E wie Essen – Das Essen war neben der Sprache das, wovor ich am meisten „Angst“ hatte. Man sagt über Ungarn, dass quasi Fleisch mit Fleisch gegessen wird, dass es keine/kaum Salatbeilage gibt und dass ich es als (strenge) Vegetarierin nicht leicht haben werde. Ja, das Essen ist ein bisschen anders. Es gibt wirklich viel Fleisch, gerade in der Schule gibt es nie eine vegetarische Alternative. Insgesamt isst man sehr viel (alles andere wäre unhöflich) und sehr, sehr fettig. Aber ich finde, dass man es genauso auch umgehen kann: An fast jeder Ecke gibt es Falafel, in meiner Straße gibt es eine Hummus-Bar und oft kann man sich ein Essen einfach ohne Fleisch bestellen. Dann ist der Preis zwar nicht mehr gerechtfertig und man wird komisch angeguckt, aber es geht. In der Schule fällt es schwerer: Ich muss hier essen, allerdings bekomme ich dann oft nur eine Schale Reis pur. An das Weißbrot gewöhne ich mich langsam, lasse mir von meinem Besuch nächste Woche aber trotzdem ein Vollkornbrot mitbringen 😀 Ansonsten gibt es hier viele Spezialitäten, die man dringend probiert haben sollte: Langos, ein Teig, der in Fett gebacken wird, den man anschließend mit Salz oder Knoblauch, aber auch mit saurer Sahne und Käse essen kann.
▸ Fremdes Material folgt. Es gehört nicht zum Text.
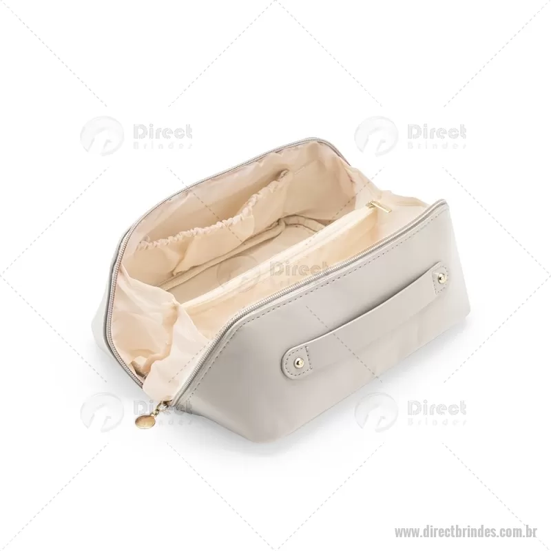 Nécessaire em (PU) poliuretano impermeável com abertura em 180 graus inspirada no formato de concha. O compartimento interno conta com dois bolsos laterais abertos e um, localizado na parte central, com fechamento em zíper. Possui alça para transporte. Altura : 11 cm x Largura : 22,5 cm x Profundidade : 9,5 cm Peso aproximado (g): 108 - Barato - DRTNC143

Und als Nachtisch sollte man sich Pöttyös kaufen, das ist eine gekühlte Schokolade mit Quarkfüllung. Oft findet man aber auch vieles, was man genauso auch in Deutschland findet.

E wie Europa – Es ist noch gar nicht so lange her, da hat Viktor Orbán behauptet, Ungarn gehöre zu Asien. Nein, Ungarn gehört zu Europa und seit 2004 auch zur Europäischen Union. Inwiefern momentan allerdings die Werte und Normen der EU auf Ungarn übertragbar sind, lässt sich nicht in einem kurzen Absatz erklären. Die Politik der Fidesz bzw. Orbáns entfernt sich immer weiter von europäischen Grundsätzen. Wirklich Druck ausüben kann die EU allerdings nicht, wie Martin Schulz (S&D-Fraktionsvorsitzender) im Interview mit Arte sagte. Die Rolle Ungarns für Europa bzw. die Rolle Europas für Ungarn bleibt auf jeden Fall erstmal unklar.